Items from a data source
# # # # # # #

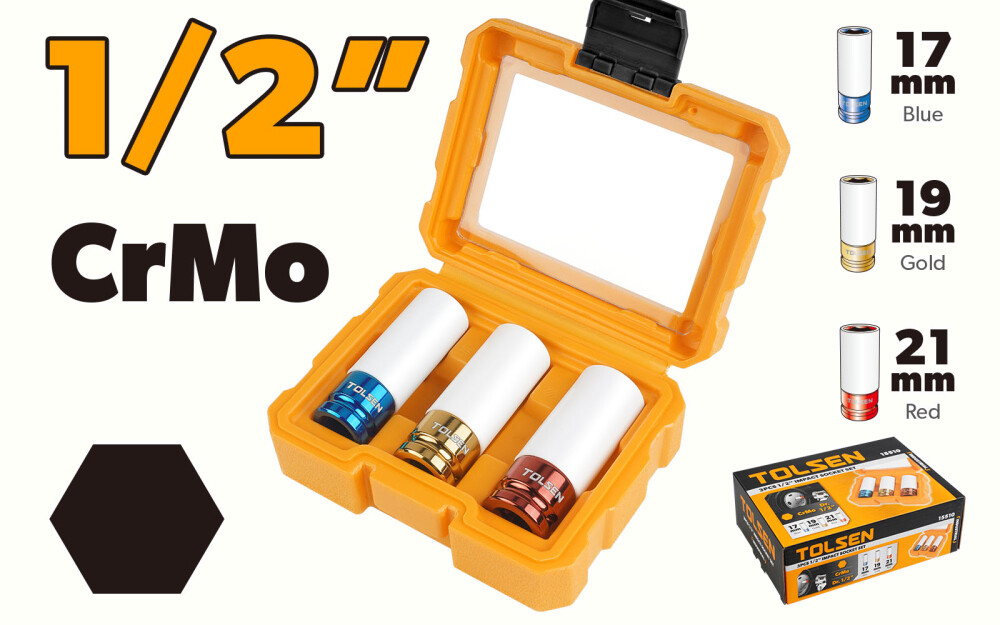 Fabricate din material CrMo, tratat termic, aceste chei tubulare de impact sunt protejate de un capac de protecție PP și sunt supuse unei tratări a suprafeței de oxidare pentru a oferi o durată de viață îndelungată. În plus, fiecare dimensiune are o culoare specifică, astfel încât să le poți identifica ușor în timpul lucrului: 17mm - albastru, 19mm - aur și 21mm - roșu.
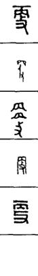 从上到下依次是小篆、甲骨文、金文、古玺及战国文字、缪篆及汉代文字、鸟虫篆。
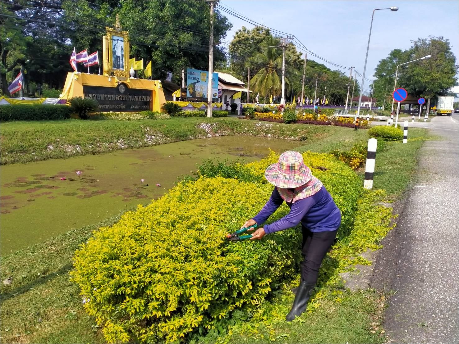 แขวงทางหลวงกำแพงเพชร โดย หมวดทางหลวงคลองขลุง, หมวดทางหลวงโกสัมพีนคร, หมวดทางหลวงนครชุม และงานวางแผน ดำเนินการตัดหญ้าลาดคันทาง ร่องกลางถนน เกาะกลางถนน ตัดแต่งไม้ดอกไม้ประดับ และตัดแต่งกิ่งต้นไม้ เพื่อให้ความสะดวกและปลอดภัยแก่ผู้ใช้เส้นทาง
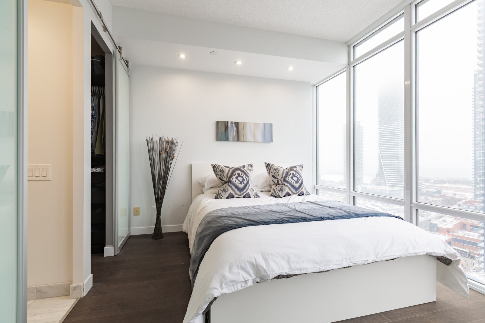 Large master bedroom with walk-in closet & stunning lake views
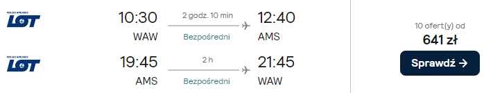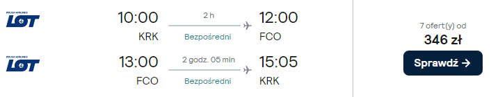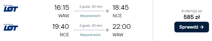 Dostępne są też loty z innych polskich lotnisk (z przesiadką w Warszawie) w niewiele wyższej (bądź nawet tej samej!) cenie – warto skorzystać!
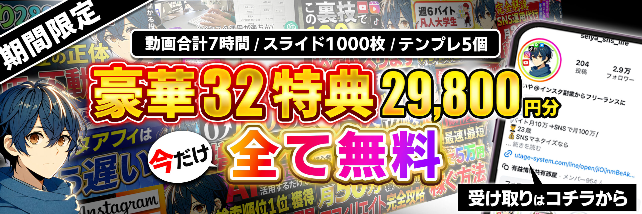 豪華32大特典は下記のLINEより追加してお受け取りください。

# # # # # # #

■ **Task goal**: Drop the pictures and copy the data exactly.

■ **Solved exercise**:
 Fabricate din material CrMo, tratat termic, aceste chei tubulare de impact sunt protejate de un capac de protecție PP și sunt supuse unei tratări a suprafeței de oxidare pentru a oferi o durată de viață îndelungată. În plus, fiecare dimensiune are o culoare specifică, astfel încât să le poți identifica ușor în timpul lucrului: 17mm - albastru, 19mm - aur și 21mm - roșu.
 从上到下依次是小篆、甲骨文、金文、古玺及战国文字、缪篆及汉代文字、鸟虫篆。
 แขวงทางหลวงกำแพงเพชร โดย หมวดทางหลวงคลองขลุง, หมวดทางหลวงโกสัมพีนคร, หมวดทางหลวงนครชุม และงานวางแผน ดำเนินการตัดหญ้าลาดคันทาง ร่องกลางถนน เกาะกลางถนน ตัดแต่งไม้ดอกไม้ประดับ และตัดแต่งกิ่งต้นไม้ เพื่อให้ความสะดวกและปลอดภัยแก่ผู้ใช้เส้นทาง
 Large master bedroom with walk-in closet & stunning lake views
 Dostępne są też loty z innych polskich lotnisk (z przesiadką w Warszawie) w niewiele wyższej (bądź nawet tej samej!) cenie – warto skorzystać!
 豪華32大特典は下記のLINEより追加してお受け取りください。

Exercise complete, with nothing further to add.